• **Task instructions**:
Among the lines below, output only those between the line holding "Fotografía No 4 equipo de cepillado" and the line holding "Fotografías. Fig. 8", inclusive, exactly as written and with no pictures.

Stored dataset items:
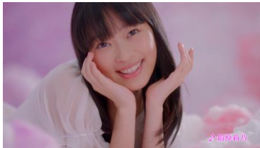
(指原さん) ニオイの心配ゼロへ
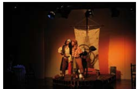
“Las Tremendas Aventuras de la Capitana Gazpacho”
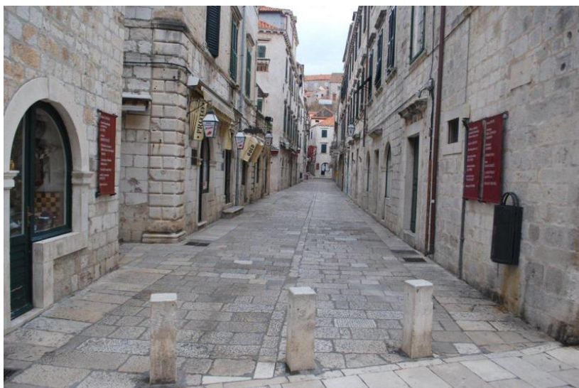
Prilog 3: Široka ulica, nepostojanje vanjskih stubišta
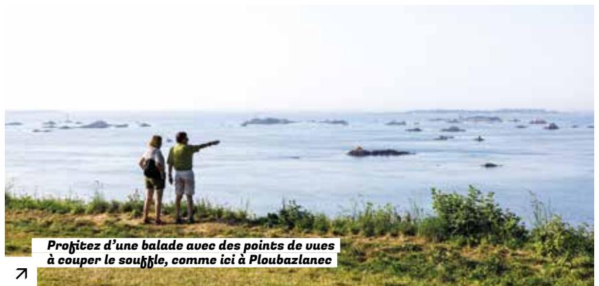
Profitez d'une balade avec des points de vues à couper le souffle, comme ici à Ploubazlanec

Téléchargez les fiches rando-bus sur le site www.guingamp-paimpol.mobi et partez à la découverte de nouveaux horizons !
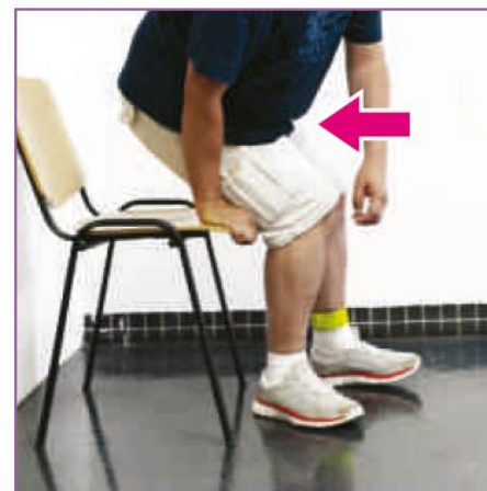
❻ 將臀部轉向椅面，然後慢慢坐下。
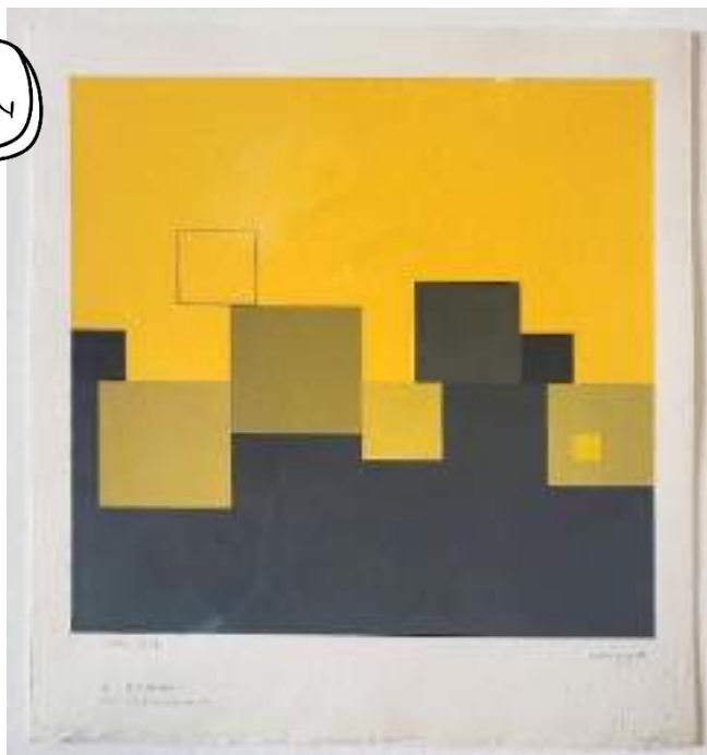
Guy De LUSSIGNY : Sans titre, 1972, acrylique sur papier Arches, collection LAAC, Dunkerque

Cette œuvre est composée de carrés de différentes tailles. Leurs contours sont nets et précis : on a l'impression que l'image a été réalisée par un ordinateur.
* * *
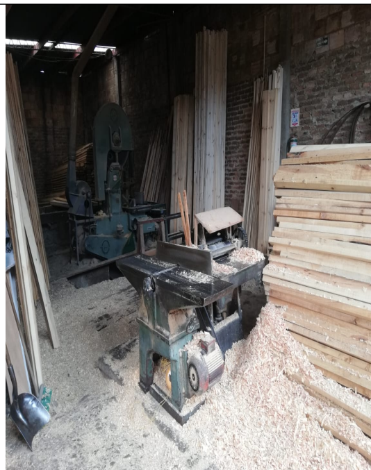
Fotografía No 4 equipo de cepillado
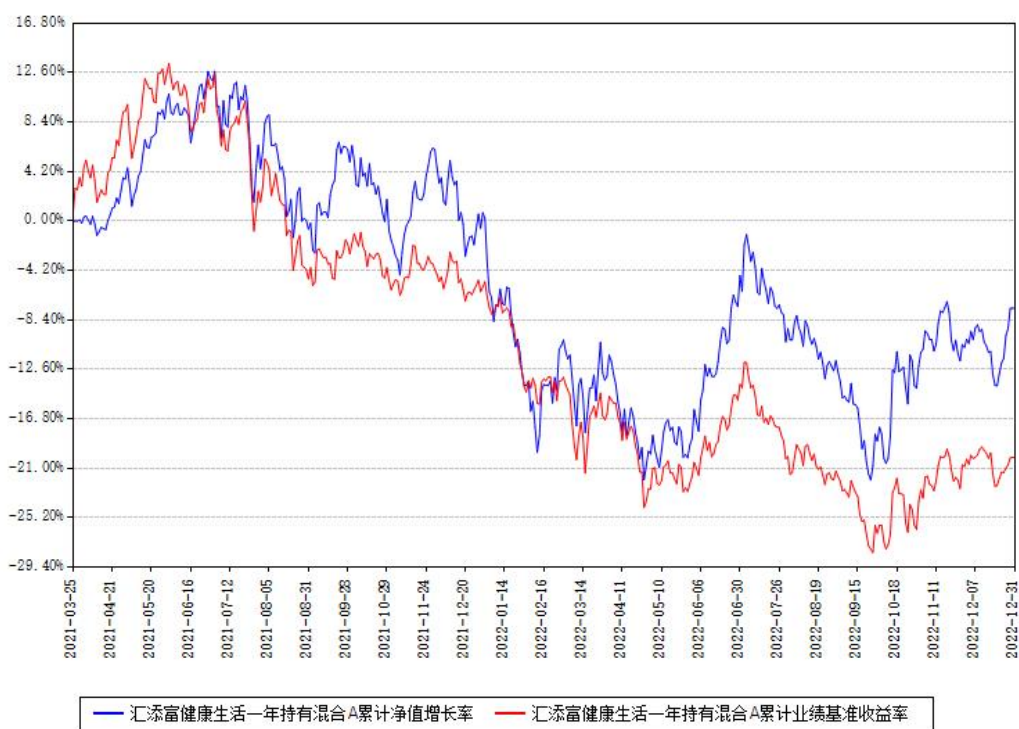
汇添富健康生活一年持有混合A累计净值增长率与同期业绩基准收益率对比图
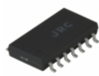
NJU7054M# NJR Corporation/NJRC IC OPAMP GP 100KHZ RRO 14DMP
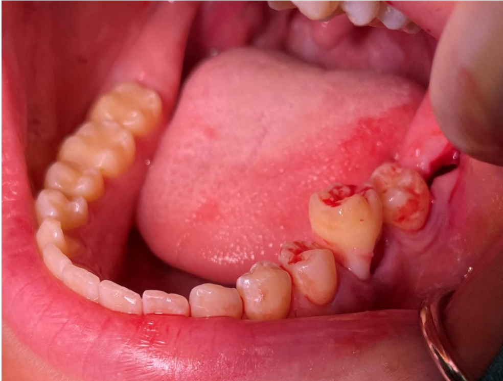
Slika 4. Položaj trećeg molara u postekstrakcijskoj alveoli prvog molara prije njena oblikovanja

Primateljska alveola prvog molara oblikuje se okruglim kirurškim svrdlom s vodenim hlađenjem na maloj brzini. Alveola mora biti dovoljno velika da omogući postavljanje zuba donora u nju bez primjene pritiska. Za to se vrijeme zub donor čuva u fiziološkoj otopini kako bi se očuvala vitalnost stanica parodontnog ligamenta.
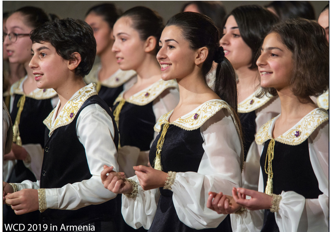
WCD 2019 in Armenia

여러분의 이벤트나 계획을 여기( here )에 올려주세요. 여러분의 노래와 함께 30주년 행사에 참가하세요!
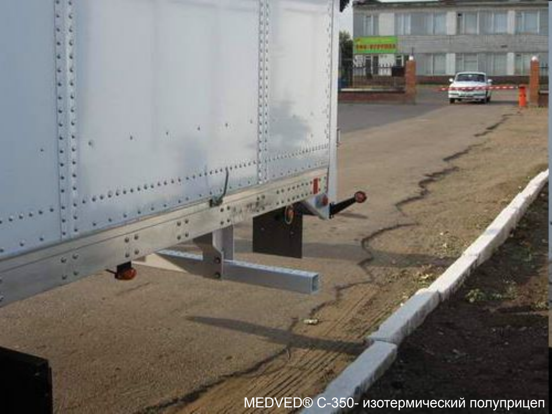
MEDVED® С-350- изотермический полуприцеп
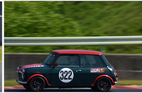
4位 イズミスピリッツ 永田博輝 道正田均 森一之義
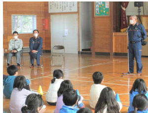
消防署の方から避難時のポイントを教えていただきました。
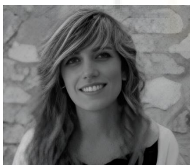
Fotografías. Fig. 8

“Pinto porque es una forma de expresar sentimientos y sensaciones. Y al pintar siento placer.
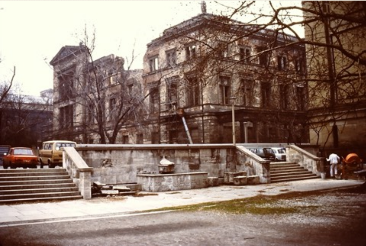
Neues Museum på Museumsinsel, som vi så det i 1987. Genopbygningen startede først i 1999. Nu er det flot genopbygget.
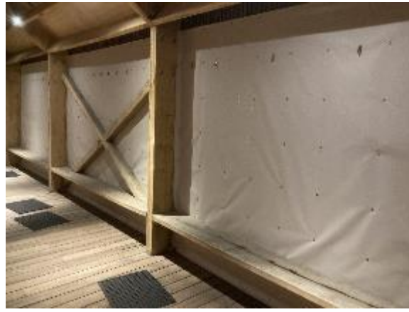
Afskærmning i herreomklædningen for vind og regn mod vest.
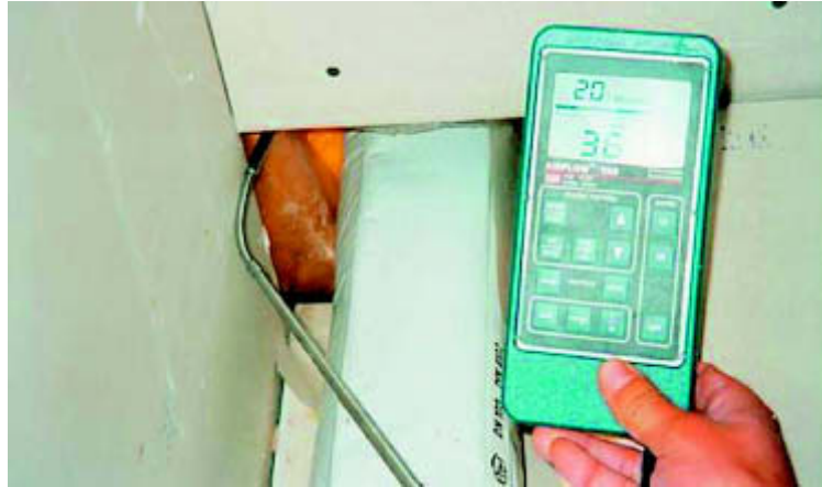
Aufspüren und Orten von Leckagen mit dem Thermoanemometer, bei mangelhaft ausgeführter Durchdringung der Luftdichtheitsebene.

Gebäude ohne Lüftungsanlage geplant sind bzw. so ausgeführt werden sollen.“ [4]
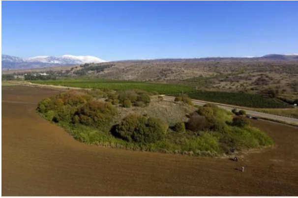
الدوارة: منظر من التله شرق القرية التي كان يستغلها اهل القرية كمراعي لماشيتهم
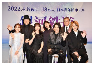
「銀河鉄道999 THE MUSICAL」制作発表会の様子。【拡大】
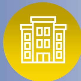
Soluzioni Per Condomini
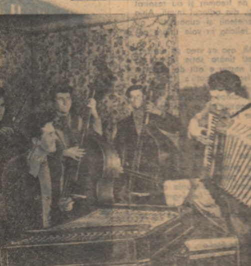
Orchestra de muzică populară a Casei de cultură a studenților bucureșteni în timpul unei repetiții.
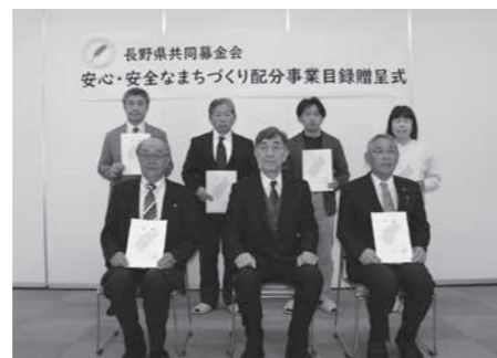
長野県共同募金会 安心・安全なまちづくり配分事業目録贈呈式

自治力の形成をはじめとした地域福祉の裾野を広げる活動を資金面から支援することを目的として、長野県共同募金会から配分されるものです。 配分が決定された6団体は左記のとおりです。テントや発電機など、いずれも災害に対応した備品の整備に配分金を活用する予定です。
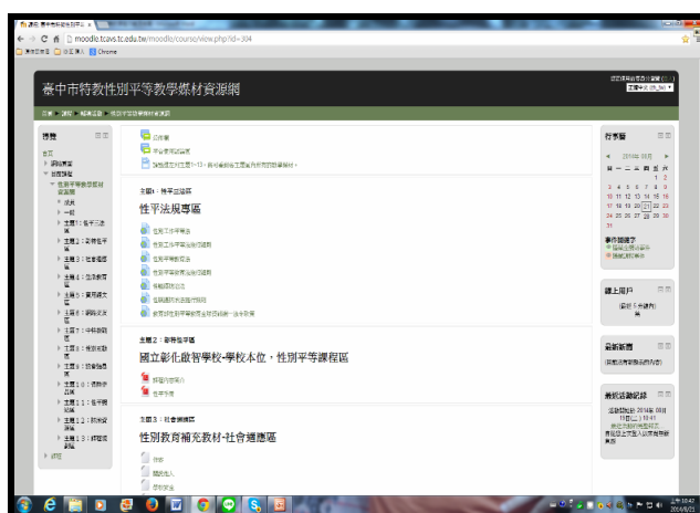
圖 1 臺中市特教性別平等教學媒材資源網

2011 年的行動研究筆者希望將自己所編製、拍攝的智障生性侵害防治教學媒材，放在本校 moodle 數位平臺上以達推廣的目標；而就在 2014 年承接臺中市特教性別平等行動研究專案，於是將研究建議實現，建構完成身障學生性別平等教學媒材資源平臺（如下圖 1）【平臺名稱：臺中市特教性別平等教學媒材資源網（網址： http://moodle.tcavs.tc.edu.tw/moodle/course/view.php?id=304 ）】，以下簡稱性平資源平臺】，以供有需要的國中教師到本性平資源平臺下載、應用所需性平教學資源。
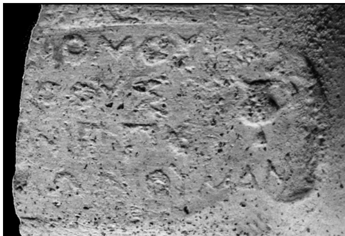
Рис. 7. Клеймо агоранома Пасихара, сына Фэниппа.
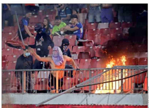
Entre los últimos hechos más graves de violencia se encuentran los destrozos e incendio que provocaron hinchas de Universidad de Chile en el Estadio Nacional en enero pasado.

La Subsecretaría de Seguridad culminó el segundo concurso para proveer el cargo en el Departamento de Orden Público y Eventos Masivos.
--
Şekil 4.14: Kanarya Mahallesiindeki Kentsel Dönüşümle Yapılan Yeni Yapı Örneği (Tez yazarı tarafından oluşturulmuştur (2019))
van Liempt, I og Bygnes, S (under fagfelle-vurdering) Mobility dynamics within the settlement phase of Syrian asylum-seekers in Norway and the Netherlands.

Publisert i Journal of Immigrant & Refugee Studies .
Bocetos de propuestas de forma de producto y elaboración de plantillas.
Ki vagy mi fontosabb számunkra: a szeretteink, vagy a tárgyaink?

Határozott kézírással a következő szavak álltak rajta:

• **Result for this task**:
Fotografía No 4 equipo de cepillado
汇添富健康生活一年持有混合A累计净值增长率与同期业绩基准收益率对比图
NJU7054M# NJR Corporation/NJRC IC OPAMP GP 100KHZ RRO 14DMP
Slika 4. Položaj trećeg molara u postekstrakcijskoj alveoli prvog molara prije njena oblikovanja

Primateljska alveola prvog molara oblikuje se okruglim kirurškim svrdlom s vodenim hlađenjem na maloj brzini. Alveola mora biti dovoljno velika da omogući postavljanje zuba donora u nju bez primjene pritiska. Za to se vrijeme zub donor čuva u fiziološkoj otopini kako bi se očuvala vitalnost stanica parodontnog ligamenta.
WCD 2019 in Armenia

여러분의 이벤트나 계획을 여기( here )에 올려주세요. 여러분의 노래와 함께 30주년 행사에 참가하세요!
MEDVED® С-350- изотермический полуприцеп
4位 イズミスピリッツ 永田博輝 道正田均 森一之義
消防署の方から避難時のポイントを教えていただきました。
Fotografías. Fig. 8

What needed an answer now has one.